Squash and Pumpkins

Knowledgebase

The cultural requirements of squash and pumpkins are similar and there is often  great confusion in differentiating the two. T.W. Whitaker and G.W. Bohn presented evidence in 1950 that five species of Cucurbita, known as pumpkins and squash, originated in the Americas. They defined the terms pumpkin, summer squash, and winter  squash as follows: Pumpkin: the edible fruit of any species of Cucurbita used when ripe as a table vegetable or in pies; flesh is somewhat coarse and/or strongly flavored, hence is not generally served as a baked vegetable. Summer Squash: The edible fruit of any  species of Cucurbita, commonly C. pepo, used when immature as a table vegetable. Winter Squash: The edible fruit of any species of Cucurbita used when ripe as a table vegetable or in pies; flesh is usually fine-grained and of mild flavor, hence it is suitable for baking.

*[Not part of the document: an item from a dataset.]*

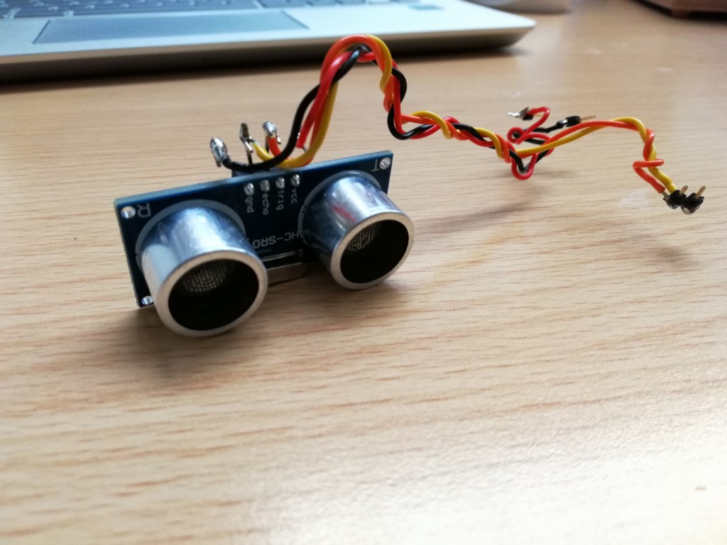 We are now attempting to integrate an Ultra-Sonic sensor to our system to allow it to read distance(s). This is very useful as it gives us a all be it very limited ability to ‘see’ what is ahead. The sensor is a HC-SR04, shown below, it has a transmitter and a receiver or trigger and echo.

Only the female flowers produce fruit; male and female parts are in separate flowers. Male flowers emerge first, followed by the females.

Climate Requirements

Most pumpkin and squash seeds will not germinate satisfactorily in cold soil and the plants are injured by light frosts. Planting should be delayed until the soil has warmed to 68oF and all danger of frost has passed. Plant at a depth of 4 inches The use of summer squash transplants should be considered if early harvest is important.

Fertilizer and Lime

It is best to base fertilizer and lime applications on soil test results. General recommendations, when using black plastic mulch, would be 1 pound of actual nitrogen, 2 pounds of phosphorus, and 3 pounds of potash per 1,000 square feet. On bare ground, increase the amount of nitrogen by 25 percent. It is best to do this as a sidedress application when vines begin to run. Lime should be applied only if indicated by a soil test in order to maintain a pH between 6.5 and 6.8.

Culture

The use of black plastic mulch will conserve moisture and help control weeds. Spacing of the plants or seeds in the row depends on growth habit of the vegetable. For bush-type squash and pumpkins, hills of two plants should be spaced 3–4 feet apart with rows on 4–5 foot centers. For vining types, hills of two plants should be spaced 5 feet apart with rows on 7-foot centers. The vining types of squash and pumpkins need the extra space and will invade even more space if allowed, so plan and plant accordingly.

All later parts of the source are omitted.